Ana içeriğe atla

Toprağım Bana Küstü

 Toprağım Bana Küstü
Sonbaharın gelmesiyle pazaryeri şenlenmişti. Pazarcılardan Nevzat ve eski topraklardan Hasan abi de diğer pazarcılar gibi sabahın ilk ışıklarıyla yerini almıştı. Hasan abi, 60’lı yaşlarını geçmiş, çiftçilik deneyimi ve hayat tecrübesi olan akıllı bir insandı. Nevzatta bu sebeple köyde en çok onun sözüne, yöntemine, güvenir onunla vakit geçirmeyi severdi. Bu nedenle tezgâhları da yan yanaydı. Nevzat bir yandan tezgâhtaki ürünleri müşterilerin beğenisine sunacak şekilde inci gibi dizerken bir yandan da Hasan abisiyle sohbet etmeyi ihmal etmiyordu. "Eskiden toprağı ne güzel sürer, hayvan gübresini yayar, mis gibi meyvemi sebzemi toplardım be Hasan abi.  Bu sene nasıl geçti hiç anlamadım. Birden yağmurlar bastırdı, sonra güneş kızdırdı, işimizi gücümüzü yapamaz olduk" dedi. "Sorma Nevzat, insanlar gibi, mevsimler de değişti, havaya da güvenemiyorsun insana da be evlat!" Bir yandan sohbet edip bir yandan da pazarın önünden geçen müşterilere seslerini duyurmaya çalışıyorlardı. "Gel abla gel Süheyla kavunu, Ayşe kadın fasulyesi burada!"

Mutlu

Toprağımızın Farklı Dokusu, Yoktu Artık Kokusu…

"Artık mevsiminde bile sağlıklı meyve sebze bulmak ne kadar zor. Kullanılan yöntemlerden domates tek tip, karpuz çekirdeksiz, kavun kokusuz, salatalık kabak gibi, mısırlar hele..."

"Öyle diyorsun da Hasan abi, senin dediğin gibi tarım yapmak bu dönemde kolay değil ki!  Kayınpederim ciddi bir hastalık geçirdiği için dükkânda ona yardım ediyorum. Bu nedenle bu sene tarlaya yeteri kadar vakit ayıramadım. Ben de diğerlerinin yaptığı gibi ilaç kullandım mecbur."
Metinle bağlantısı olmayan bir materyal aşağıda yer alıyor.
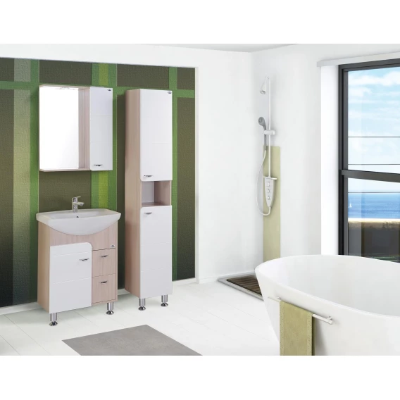 В оригинальной напольной тумбе Onika Стиль 60 удачно сочетаются контрастные цвета и фактуры: белый глянец на фоне светлого натурального дерева очень эффектно смотрится практически в любых интерьерах ванной комнаты.Два выдвижных ящика справа и большая ниша с распашной дверцей слева - отличное место для хранения необходимых в ванной комнате вещей.Ящики тумбы оснащены направляющими полного выдвижения, а дверца снабжена системой плавного закрывания.Корпус тумбы выполнен из ЛДСП, фасад - из ЛМДФ в пленке, устойчивых к механическим воздействиям, перепадам температур и высокой влажности.Три хромированных ручки и четыре ножки (2 декоративных хромированных и 2 пластиковых) идут в комплекте с тумбой.

Kendi aralarında konuşurlarken mısır tezgâhında hareketlilik oldu.

"Senin mısırlar eskiden şekilsiz ama çok lezzetli olurdu Nevzat.  Bu sene hepsi tornadan çıkmış gibi hayırdır?" dedi müşteri.
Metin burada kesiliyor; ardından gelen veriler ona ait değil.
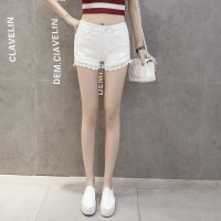 薇侣2017新品实拍潮女纯白色蕾丝花边牛仔超短裤高腰显瘦百搭夏热裤

"Ablacım bu sene eski tohumu kullanamadım ondan böyle oldular."

"Yok yok biz senden aldıklarımızın lezzetine doyamıyorduk, sen eskisi gibi devam et. Bu pazarda zaten bir iki kişisiniz böyle ürün yetiştiren."

Nevzat bu konuyu pek de ciddiye almamıştı. Zaten tohumunu ziraatçıdan alıp, ilaçla çok ürün alan komşuları da iyi para kazanıyordu. Bu sefer de böyle yaparız ne olacak demişti. Artık kendisi de bahçesinden aldığı ürünlerinden lezzet alamıyordu.
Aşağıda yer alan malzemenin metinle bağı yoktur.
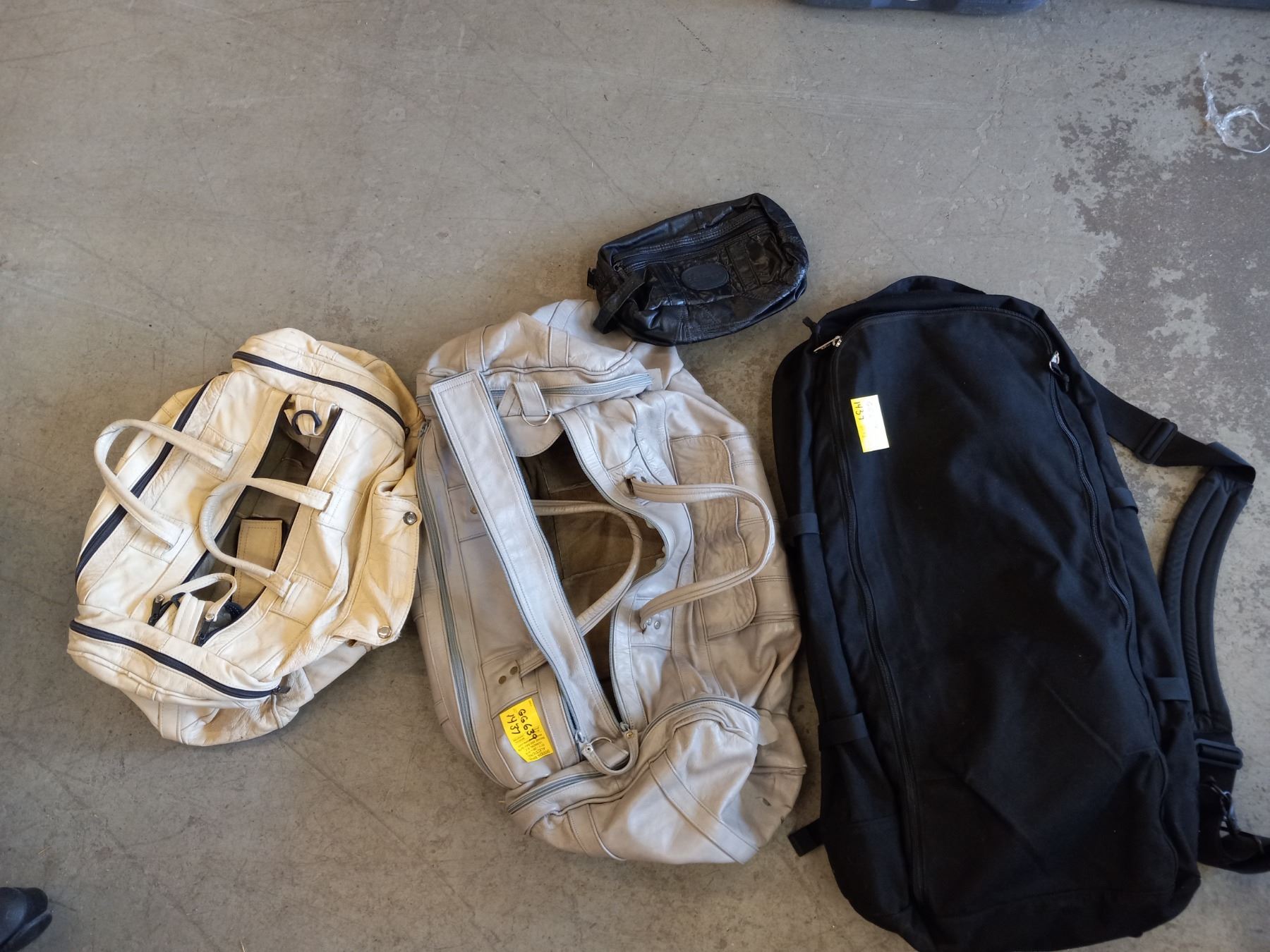 2 LEATHER CARRYALL BAGS, 1 TOILETRY BAG & 1 CARRYALL/BACKPACK COMBO

Yine de tarlasına zaman ayırıp, emek veremediği için, birkaç yıl bu yöntemle üretim yapmaya çalıştı. İlk yıl çok güzel verim aldı, hayatında görmediği kârı elde etti. Yüksek karlı sonuç alınca hız kesmeden devam etti. Artık fideleri kendi yetiştirmiyor endüstriyel üretimlerden alıyordu. Hem yanında hastalıklara karşı ilacını da satıyorlardı çok rahatlamıştı. İkinci yıl da kar etmeye devam etti. Pazardaki müşteri profili de değişti tabi. Doğal beslenmeye özen gösteren eski müşterilerini kaybetmiş yerine kurt, böcek görmek istemeyen müşteriler gelmişti.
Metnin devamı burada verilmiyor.